* YOUR OBJECTIVE
A faithful copy is needed of the lines below from the one with "Baule 16, 2022" up to and including the one with "For running Sewing"; set it down with no pictures and no other lines.
Start of EXCERPTED RECORDS
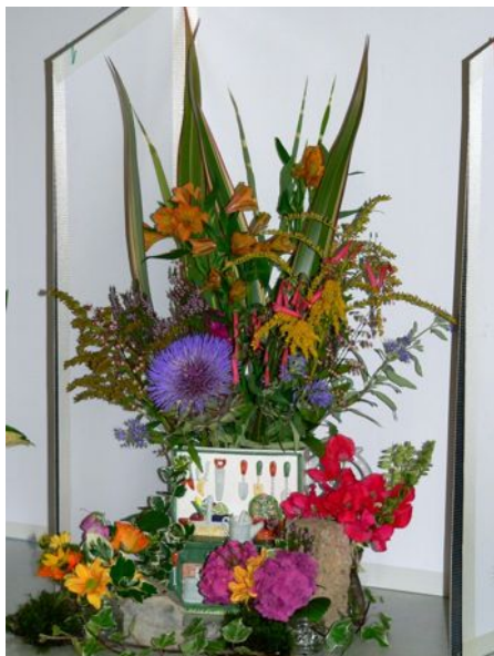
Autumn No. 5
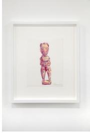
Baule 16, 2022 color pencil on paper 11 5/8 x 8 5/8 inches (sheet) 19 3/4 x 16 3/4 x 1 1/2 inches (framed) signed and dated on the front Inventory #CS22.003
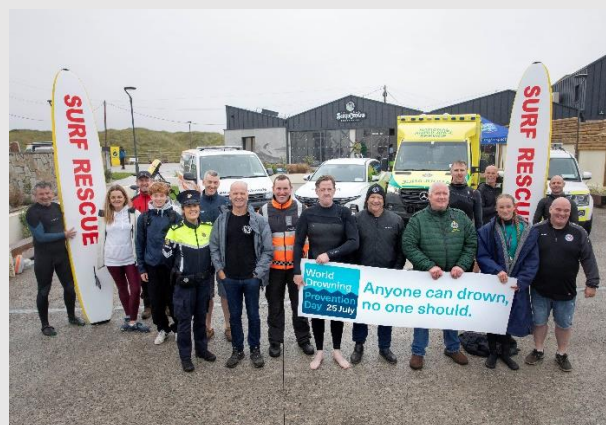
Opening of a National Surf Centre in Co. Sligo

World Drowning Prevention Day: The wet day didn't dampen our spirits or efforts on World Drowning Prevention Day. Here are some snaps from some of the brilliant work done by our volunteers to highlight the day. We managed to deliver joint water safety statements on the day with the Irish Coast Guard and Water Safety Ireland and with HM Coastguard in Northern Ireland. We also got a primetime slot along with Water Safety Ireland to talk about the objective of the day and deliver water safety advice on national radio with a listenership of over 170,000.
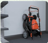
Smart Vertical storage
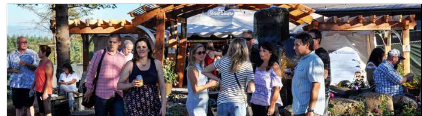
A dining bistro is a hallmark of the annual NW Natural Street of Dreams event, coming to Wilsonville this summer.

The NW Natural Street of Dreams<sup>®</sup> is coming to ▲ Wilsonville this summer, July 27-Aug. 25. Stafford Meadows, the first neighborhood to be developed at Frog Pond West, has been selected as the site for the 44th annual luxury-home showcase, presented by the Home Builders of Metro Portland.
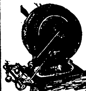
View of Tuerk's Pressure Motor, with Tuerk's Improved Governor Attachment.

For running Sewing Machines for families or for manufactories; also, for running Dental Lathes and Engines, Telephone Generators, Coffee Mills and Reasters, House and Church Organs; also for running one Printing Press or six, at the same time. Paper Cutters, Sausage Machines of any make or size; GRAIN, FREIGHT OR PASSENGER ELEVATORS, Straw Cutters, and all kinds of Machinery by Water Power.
End of EXCERPTED RECORDS
Start of EXCERPTED RECORDS
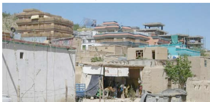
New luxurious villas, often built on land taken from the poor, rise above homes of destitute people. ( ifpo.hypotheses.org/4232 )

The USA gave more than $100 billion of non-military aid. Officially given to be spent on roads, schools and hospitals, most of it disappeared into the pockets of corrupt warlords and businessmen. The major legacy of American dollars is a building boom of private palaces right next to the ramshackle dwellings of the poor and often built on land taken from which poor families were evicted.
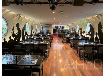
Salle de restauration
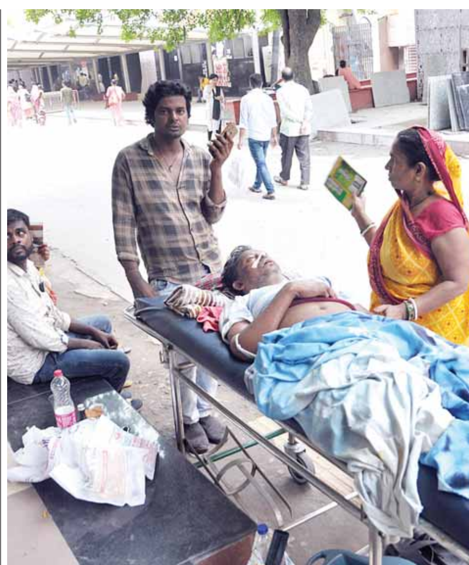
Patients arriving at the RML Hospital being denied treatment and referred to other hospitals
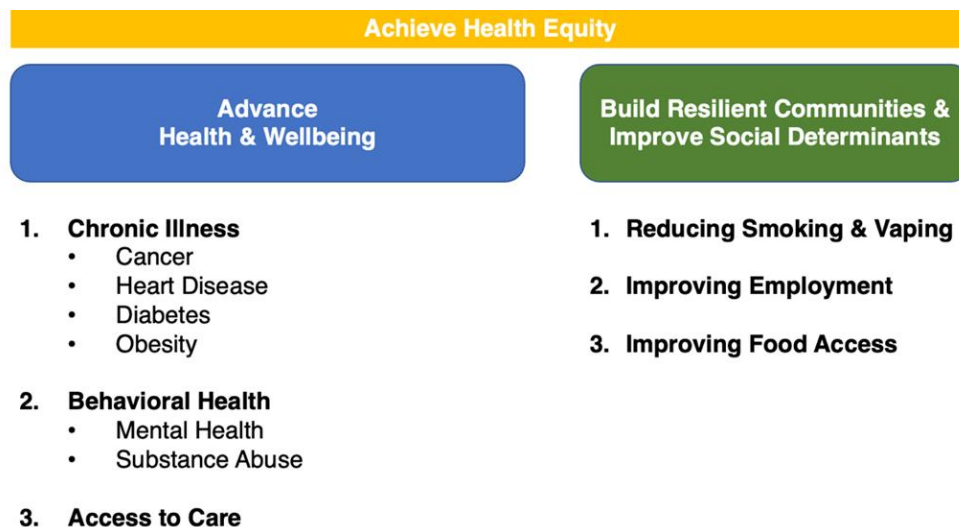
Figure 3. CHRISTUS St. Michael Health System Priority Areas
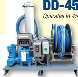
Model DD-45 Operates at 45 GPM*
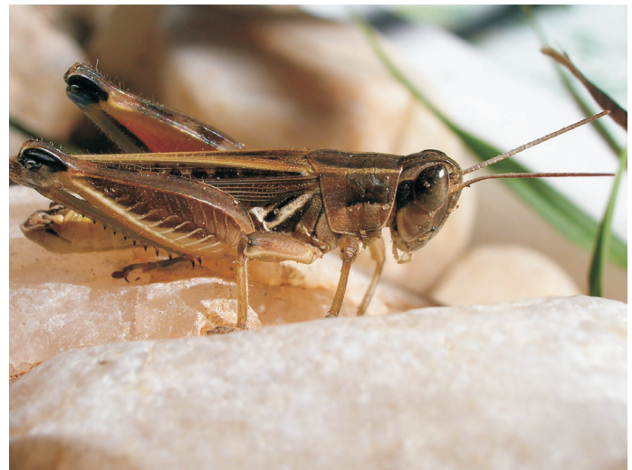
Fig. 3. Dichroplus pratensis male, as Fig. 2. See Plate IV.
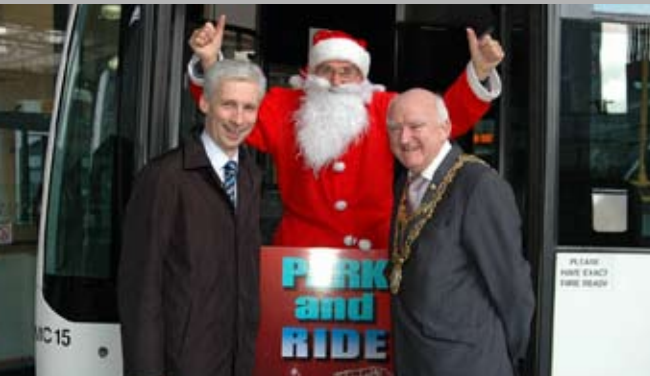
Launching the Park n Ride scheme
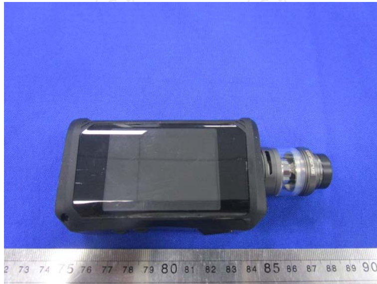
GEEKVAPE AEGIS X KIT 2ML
End of EXCERPTED RECORDS
* OUTPUT OF THE TASK
Baule 16, 2022 color pencil on paper 11 5/8 x 8 5/8 inches (sheet) 19 3/4 x 16 3/4 x 1 1/2 inches (framed) signed and dated on the front Inventory #CS22.003
Opening of a National Surf Centre in Co. Sligo

World Drowning Prevention Day: The wet day didn't dampen our spirits or efforts on World Drowning Prevention Day. Here are some snaps from some of the brilliant work done by our volunteers to highlight the day. We managed to deliver joint water safety statements on the day with the Irish Coast Guard and Water Safety Ireland and with HM Coastguard in Northern Ireland. We also got a primetime slot along with Water Safety Ireland to talk about the objective of the day and deliver water safety advice on national radio with a listenership of over 170,000.
Smart Vertical storage
A dining bistro is a hallmark of the annual NW Natural Street of Dreams event, coming to Wilsonville this summer.

The NW Natural Street of Dreams<sup>®</sup> is coming to ▲ Wilsonville this summer, July 27-Aug. 25. Stafford Meadows, the first neighborhood to be developed at Frog Pond West, has been selected as the site for the 44th annual luxury-home showcase, presented by the Home Builders of Metro Portland.
View of Tuerk's Pressure Motor, with Tuerk's Improved Governor Attachment.

For running Sewing Machines for families or for manufactories; also, for running Dental Lathes and Engines, Telephone Generators, Coffee Mills and Reasters, House and Church Organs; also for running one Printing Press or six, at the same time. Paper Cutters, Sausage Machines of any make or size; GRAIN, FREIGHT OR PASSENGER ELEVATORS, Straw Cutters, and all kinds of Machinery by Water Power.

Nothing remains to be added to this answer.